[greenstone-users] How the word separator character is defined?

From Biligsaikhan B.
DateTue Nov 10 15:24:21 2009
Subject [greenstone-users] How the word separator character is defined?
Dear list and Katherine,

Where can I define my own "word separator character" or bypass some
characters in word separator functions in the Greenstone?

It seems like, my collection in the Greenstone is considering some
Unicode special control characters as a space. For example, according to
the Unicode standard, Mongolian text contents have four special control
characters to change shapes (glyphs). Those are 1.Free Variation
Selector One(FSV1) (U+180B), 2. Free Variation Selector Two
(FSV2)(U+180C), 3. Free Variation Selector Three (FSV3)(U+180D) and 4.
Mongolian vowel separator (MSV)(U+180E). Those control characters must
be considered as a part of the word whether are in the middle, beginning
and end of the word. For example, abc'MSV'defg is the single word, not
two words 'abc' and 'defg'. I`ve failed to retrieve such words in the
Greenstone. The Greenstone retrieves Mongolian words with control
characters as two or more separate words (several control characters
could used in a single word).

So how can I consider Mongolian control characters in the Greenstone?

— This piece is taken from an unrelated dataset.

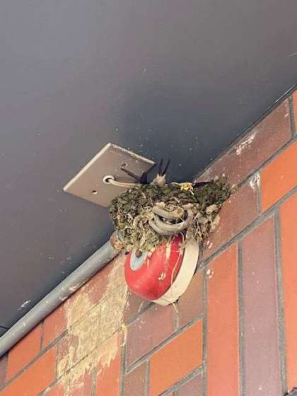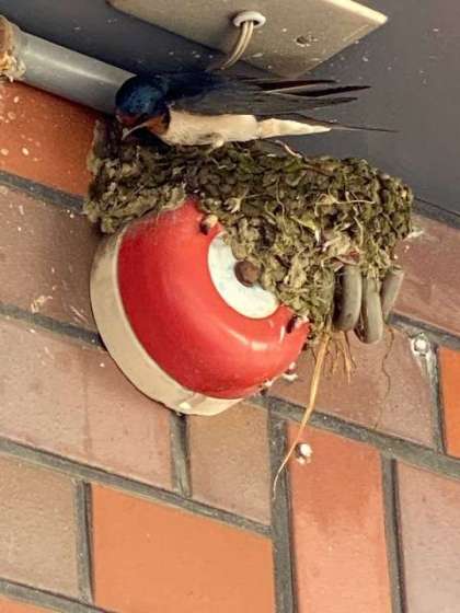 学校近くのお店の軒(のき:屋根の出っぱたところ)にツバメがひんぱんに出入りしています。
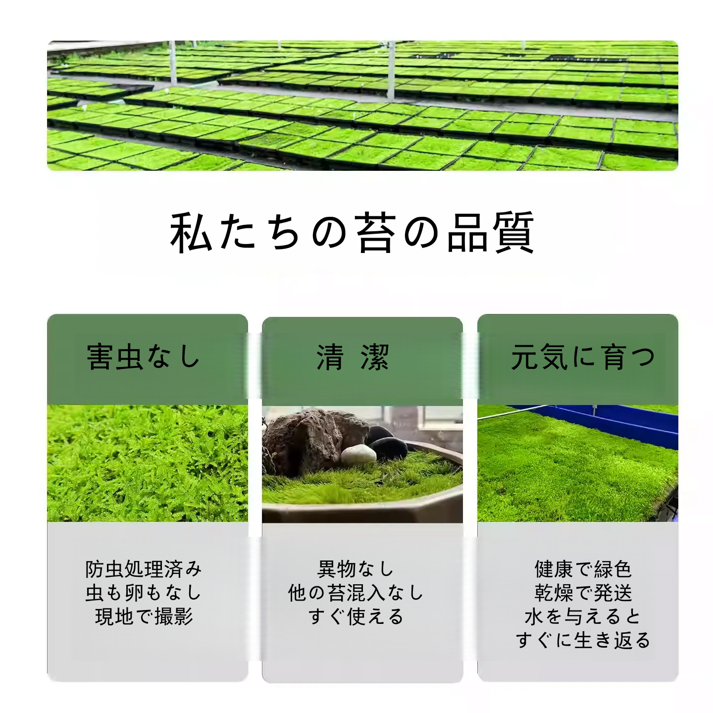 私たちの苔はすべて人工栽培によって育てられています。

Your advices and tricks needed.

Thank you,

Biligsaikhan B.

Biligsaikhan Batjargal, M.Eng.
Ph.D. Candidate, Graduate School of Science and Engineering, Ritsumeikan University
Research Assistant, Digital Humanities Center for Japanese Arts and Cultures,
Ritsumeikan University
Biwako-Kusatsu Campus
1-1-1 Noji-Higashi,
Kusatsu, Shiga 525-8577, JAPAN
Phone: +81+77-561-5202 (ex. 6731)